Recent developments in political, economic and social rights

The most obvious benefit to the Kazakhs of Soviet power has been the spread of literacy. This has risen amongst the population in the nine to 49 age range from 8.1% in 1897 to 99.8% in 1979. However, there is little evidence of the long-advocated “drawing together” of Kazakh and Russian peoples. According to the 1979 census, only 131,000 (2%) of Kazakhs recognized Russian as their native language, although a further 52.3% claimed to speak it well.
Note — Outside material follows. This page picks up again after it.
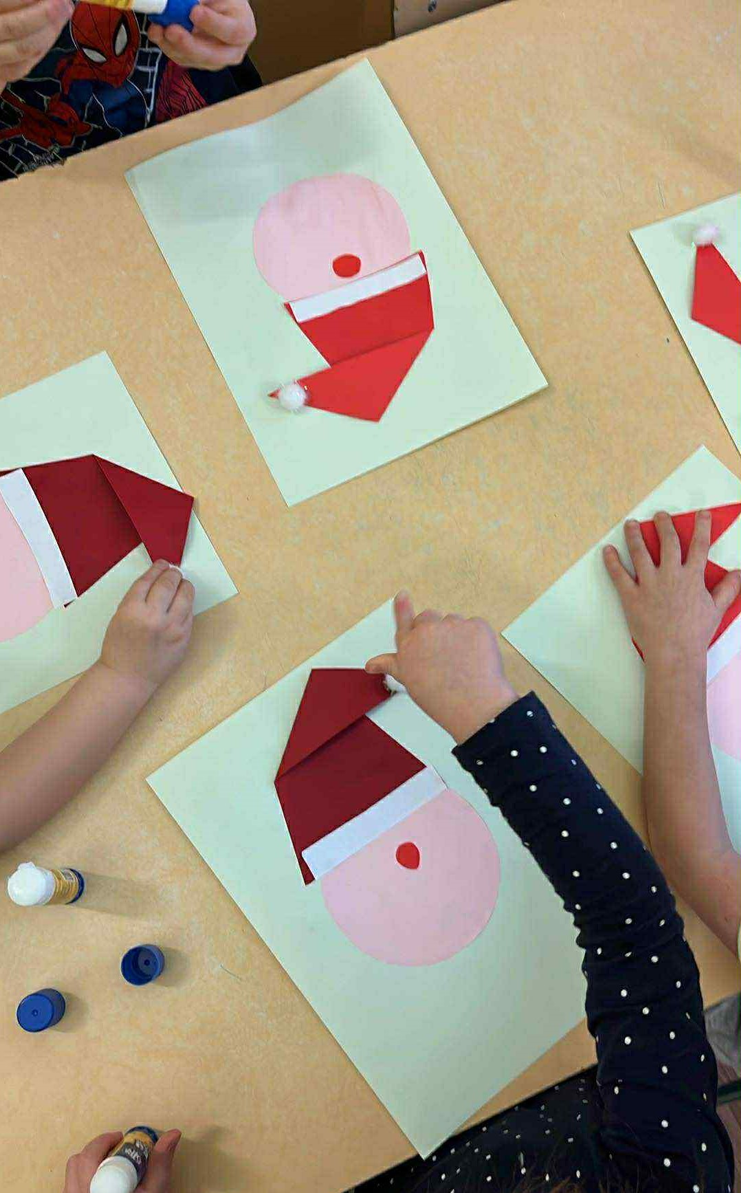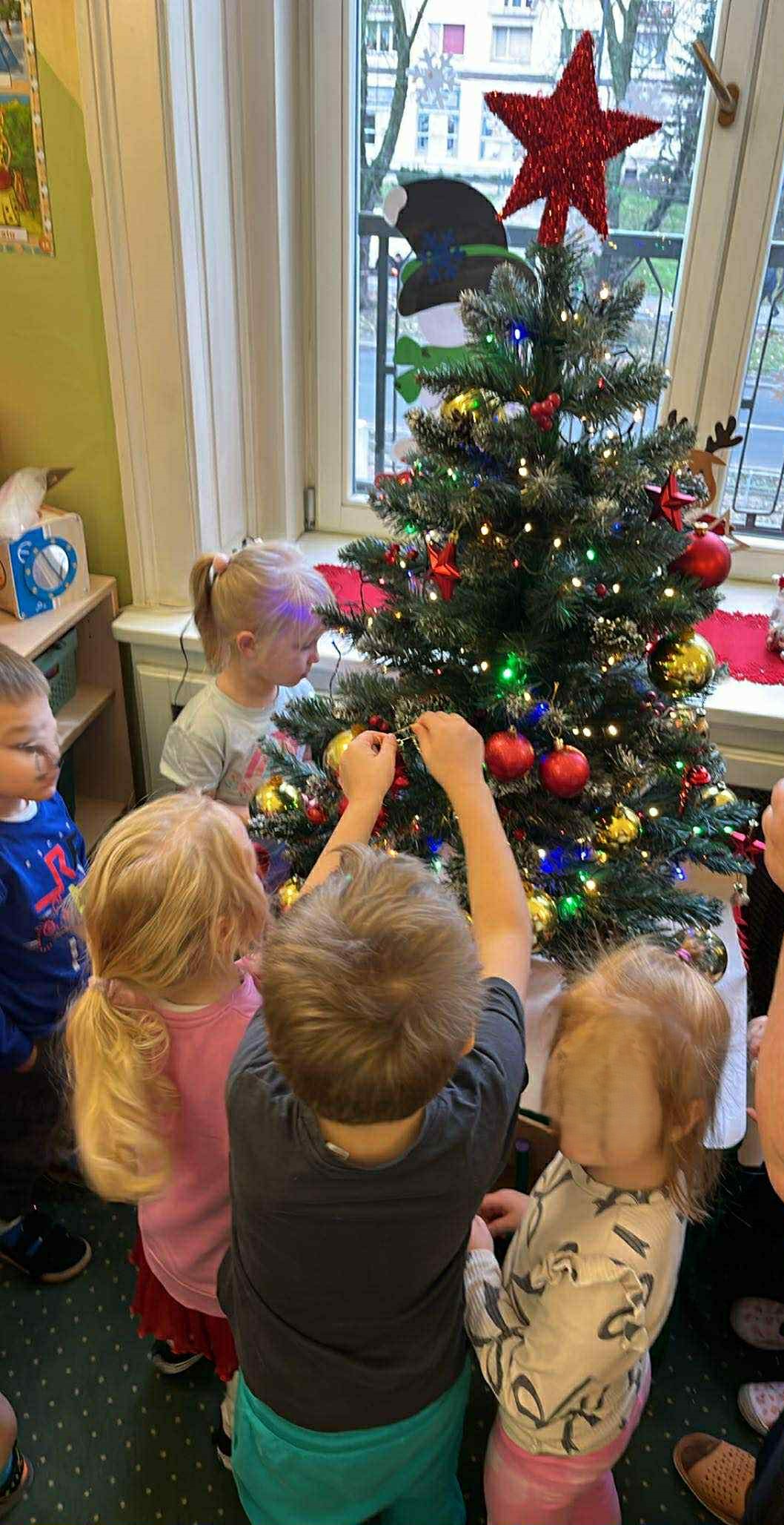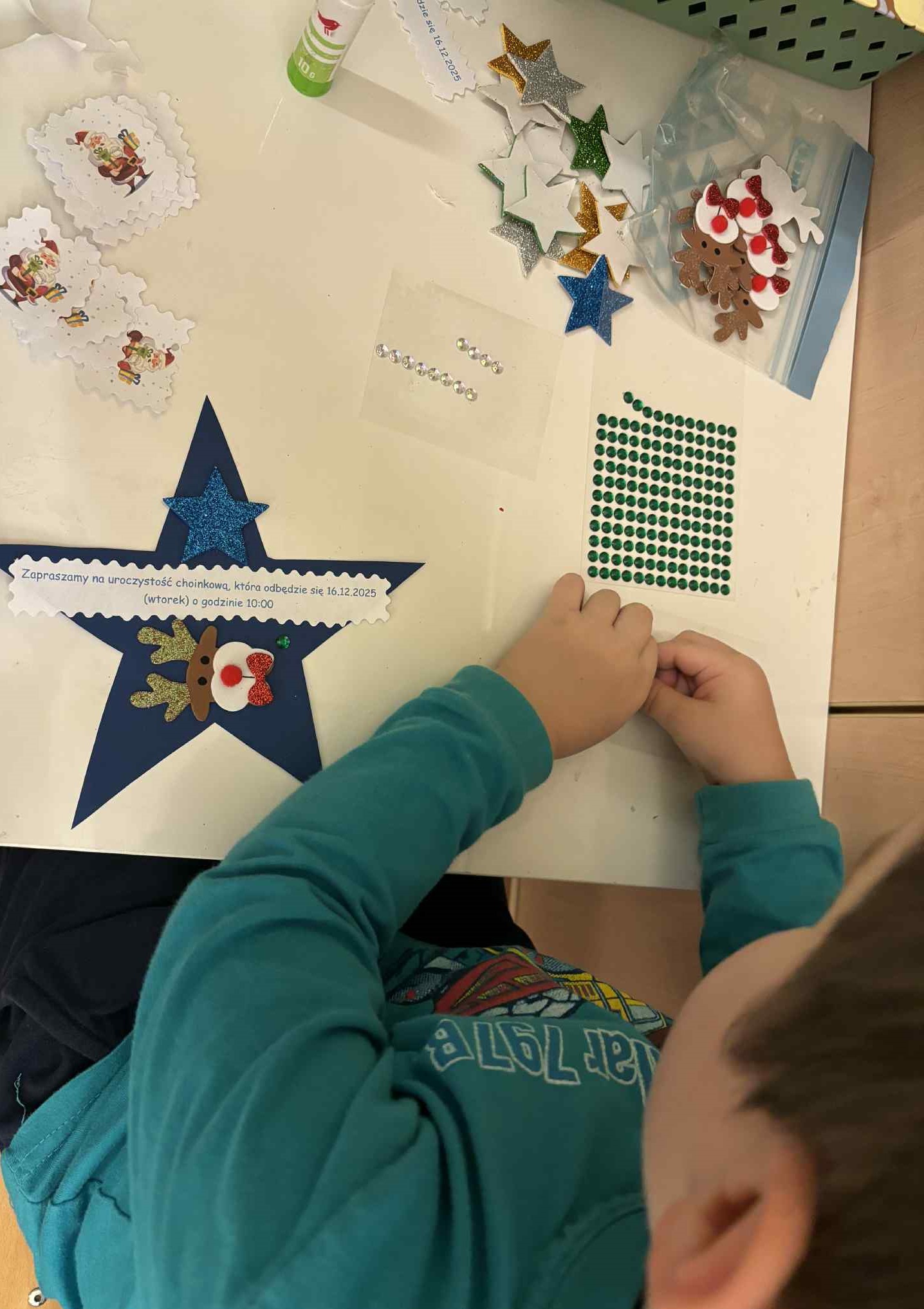 W pierwszym tygodniu grudnia nasza grupa poczuła już świąteczny klimat. Przy planszach edukacyjnych opisywała wygląd Świętego Mikołaja, opisywała jego charakterystyczne cechy. Wykonała prace plastyczną "Święty Mikołaj", do pracy dzieci wykorzystały czerwoną czapkę z papieru, kółka origami i watę. Pracowaliśmy również w książkach, gdzie wykonaliśmy ćwiczenia grafomotoryczne, uzupełnialiśmy karty pracy, łączyliśmy obrazki do cieni i watą udekorowaliśmy brodę Świętego Mikołaja. Bawiliśmy się też plastelinę, najpierw chętne dzieci lepiły bałwanki, a następnie cała grupa uzupełniania wybranym kolorem plasteliny puste pola na choince. Dla naszych wspaniałych rodziców robiliśmy zaproszenia na uroczystość choinką, dekorowaliśmy gwiazdkę naklejkami świątecznymi lub diamencikami. Oczywiście najfajniejszą atrakcją w tym tygodniu było wspólne ubieranie choinki !

In contrast, only 353 out of the six million Russians in Kazakhstan (0.01%) named Kazakh as their native language and a mere 40,000 (0.66%) could speak it proficiently.

Although the Kazakhs have shown a greater propensity than their Turkic neighbours to migrate to Russia (500,000 or 7.9%), fully 91.9% of Kazakhs live in their native republic or Central Asia. Moreover, essentially all Kazakhs are Muslims and, together with their co-religionists of other Turkic nationalities, certainly already constitute a majority within the Republic. (The 1989 census will most probably reveal that the Kazakhs have overtaken the Russians as the most numerous nationality in Kazakhstan.)
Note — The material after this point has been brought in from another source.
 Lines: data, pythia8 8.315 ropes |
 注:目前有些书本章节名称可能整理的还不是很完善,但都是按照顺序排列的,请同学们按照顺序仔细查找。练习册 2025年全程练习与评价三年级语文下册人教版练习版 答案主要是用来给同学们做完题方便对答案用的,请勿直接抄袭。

The secularization of the Kazakh elite is reflected in the fact that there are almost as many Kazakhs (344,000 1982) in the CPSU as the far more numerous Uzbeks (411,000) although, at 1.9% of the overall membership, the Kazakhs are still under-represented. One of their number, Dinmukhamed Kunaev, served in the CPSU Politburo from 1972 until 1986 and his replacement by a Russian, Gennady Kolbin, sparked off ethnic violence in the capital, Alma Ata. Since then several senior Kazakh Party and state officials have been removed for corruption. In June 1989 there were serious clashes between Kazakhs and migrants from the Caucasus in the oil town of Novy Uzen on the Mangyshlak Peninsula, which resulted in five deaths and 50 injuries.

Minorities in Kazakhstan

Even if the Kazakhs have finally overtaken the Russians as the largest nationality in the Republic, Kazakhstan still has the biggest Russian population (6 million in 1979) outside the RSFSR and the Ukraine. The Russians tend to be concentrated in the Northern, Eastern and Central Regions, while the Kazakhs predominate in the South and West. Any attempts by the indigenous population to make Kazakh the official language of the Republic would clearly be resisted by the Russians who would claim that it is the lingua franca of all Soviet peoples.

The third largest national group in Kazakhstan are the Germans of whom there are 900,000 (6.1% 1979). The vast majority of these are Volga Germans deported from their autonomous republic in 1941 and still seeking to return to their homeland or, increasingly, to emigrate to West Germany. Another deported nationality in the Republic are the Koreans (92,000 or 0.6%) originally from the Soviet Far East.

There are also small minorities of Turkic Uigurs (148,000 or 1%) and Tibetan Dungans (22,500 or 0.2%) who have migrated from neighbouring China.